Search code examples
pythonpython-2.7numpyinterpolationdata-analysis

runtimewarning while using lagrange interpolation in numpy


I am trying to implement lagrange interpolation on a time series. My input is in below format which contains two columns datetime and stock value

'3/8/2012 16:00:00  32.21'
'3/9/2012 16:00:00  32.16'
'3/12/2012 16:00:00 32.2'
'3/13/2012 16:00:00 Missing_1'
'3/14/2012 16:00:00 32.88'
'3/15/2012 16:00:00 32.94'
'3/16/2012 16:00:00 32.95'
'3/19/2012 16:00:00 32.61'
'3/20/2012 16:00:00 32.15'
'3/21/2012 16:00:00 Missing_2'
'3/22/2012 16:00:00 32.09'
'3/23/2012 16:00:00 32.11'
'3/26/2012 16:00:00 Missing_3'

In some of the input cases the stock value is missing, these missing values i am trying to predict using scipy.interpolate

def is_number(s):
    try:
        float(s)
        return True
    except ValueError:
        return False

for k in a: # a is input list
    x,y = k.split("\t")
    if is_number(y):
        x = datetime.datetime.strptime(x,"%m/%d/%Y %H:%M:%S")
        x = time.mktime(x.timetuple())
        y = float(y)
        x_axis.append(x)
        y_axis.append(y)
    else:
        x = datetime.datetime.strptime(x,"%m/%d/%Y %H:%M:%S")
        x = time.mktime(x.timetuple())
        unknown_x.append(x)


x = np.array(x_axis)
y = np.array(y_axis)
unknown = np.array(unknown_x)
y_interp=scipy.interpolate.lagrange(x, y)
for k in unknown:
    print y_interp(k)

But i am getting runtime warning,

/var/ml/python/local/lib/python2.7/site-packages/numpy/lib/polynomial.py:728: RuntimeWarning: invalid value encountered in add
  val = NX.concatenate((zr, a1)) + a2
/var/ml/python/local/lib/python2.7/site-packages/numpy/lib/polynomial.py:725: RuntimeWarning: invalid value encountered in add
  val = a1 + a2

Solution

  • Your xs from your date conversion result in large values. Inputting those in a (Lagrange) polynomial and then trying to do an interpolation likely results in numerical instable calculations (since, for large x to obtain a relatively small y, you'll need small coefficients).

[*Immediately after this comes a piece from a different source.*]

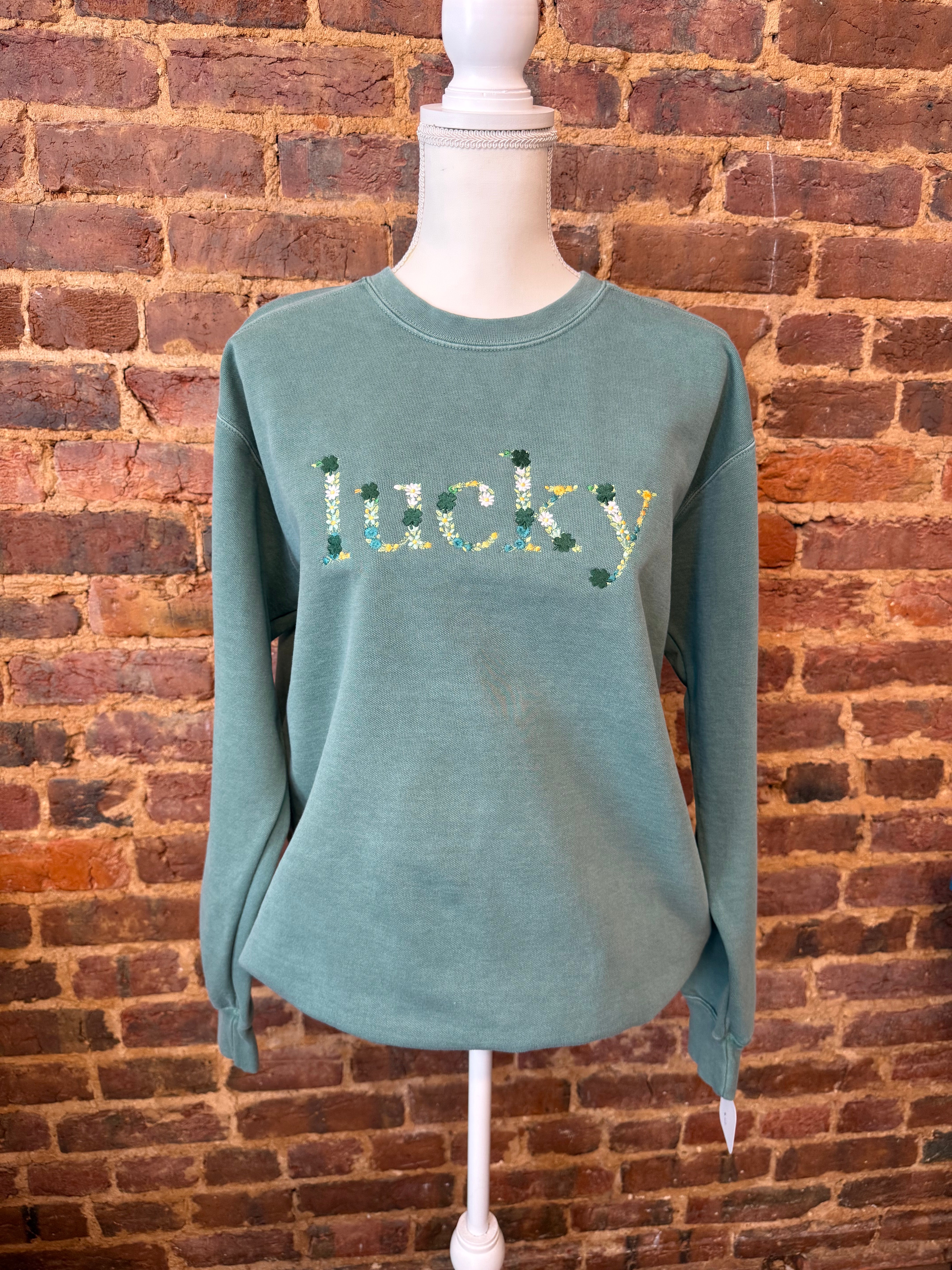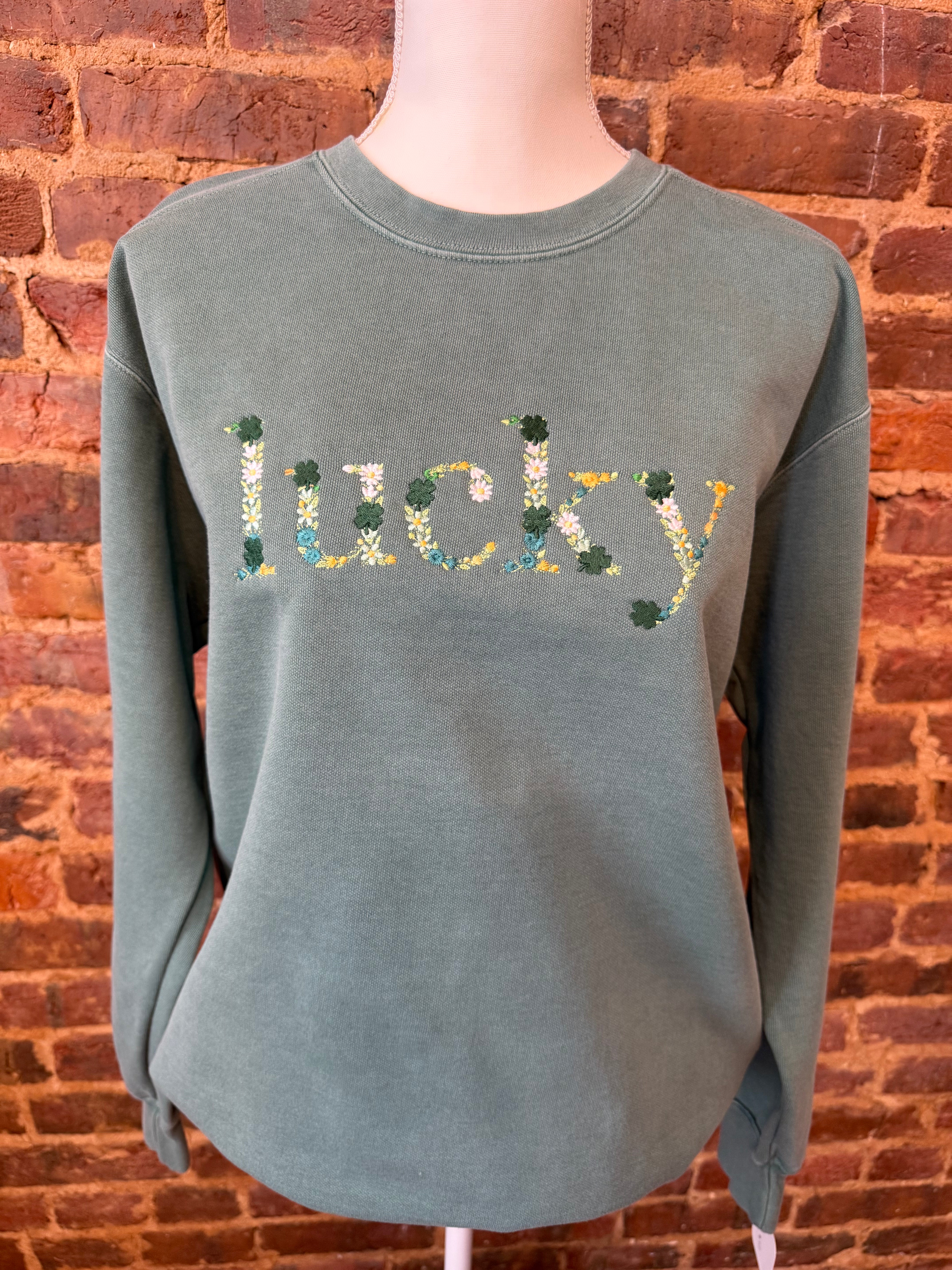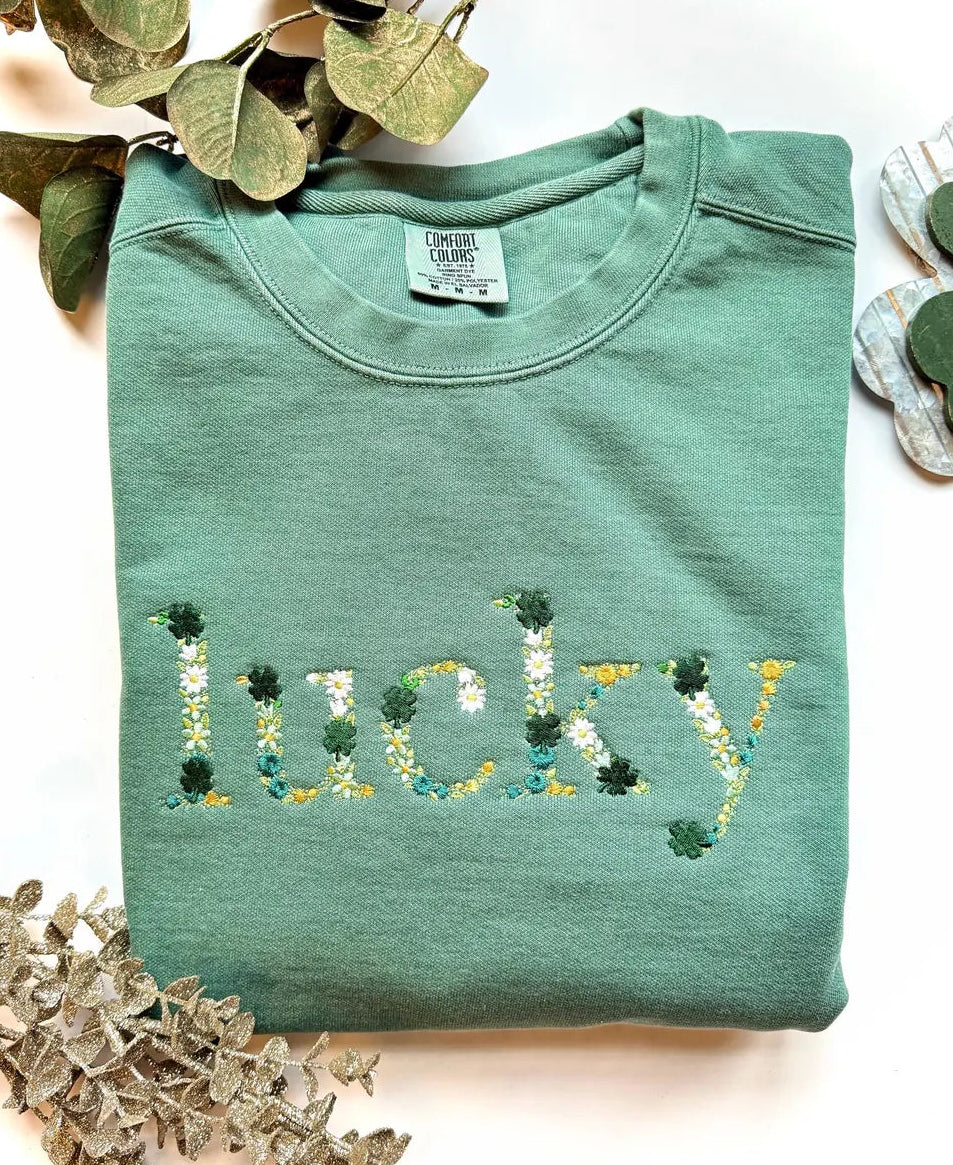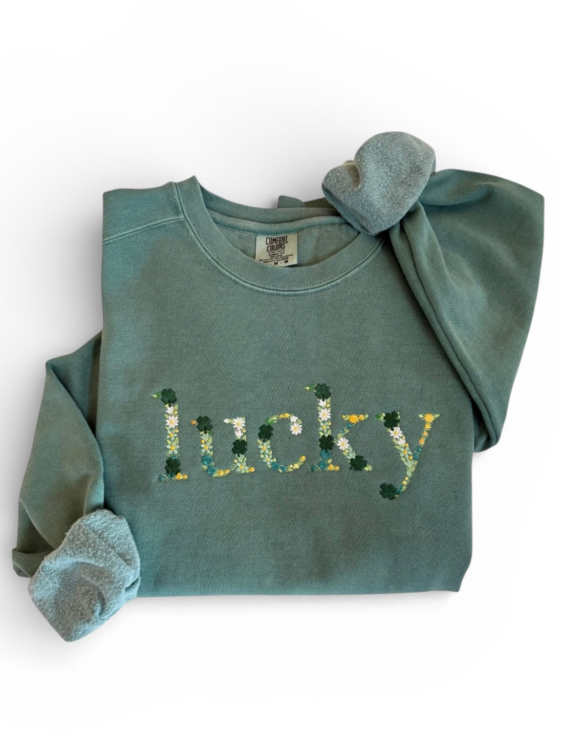 Celebrate a little extra luck this season with our St. Patrick’s Day “Lucky” Embroidered Sweatshirt. Made on a cozy Comfort Colors® crewneck, this sweatshirt features a soft, vintage-washed green tone and beautifully detailed floral embroidery spelling out lucky. The relaxed fit and heavyweight feel make it perfect for chilly March days, parades, or casual spring wear. Thoughtfully stitched and effortlessly festive, it’s a timeless piece you’ll reach for long after St. Patrick’s Day.

    In addition, the documentation for scipy.interpolate.lagrange warns that the implementation is numerically unstable.

    Always normalize your data to some reasonable numbers. You could subtract a certain date; the default uses 1970, unix zero time, which is obviously a bad choice. With your example dates, pick e.g. first of March 2012), or divide by a value somewhere in the middle (1332000000 could be a good value) to get all your values around 1.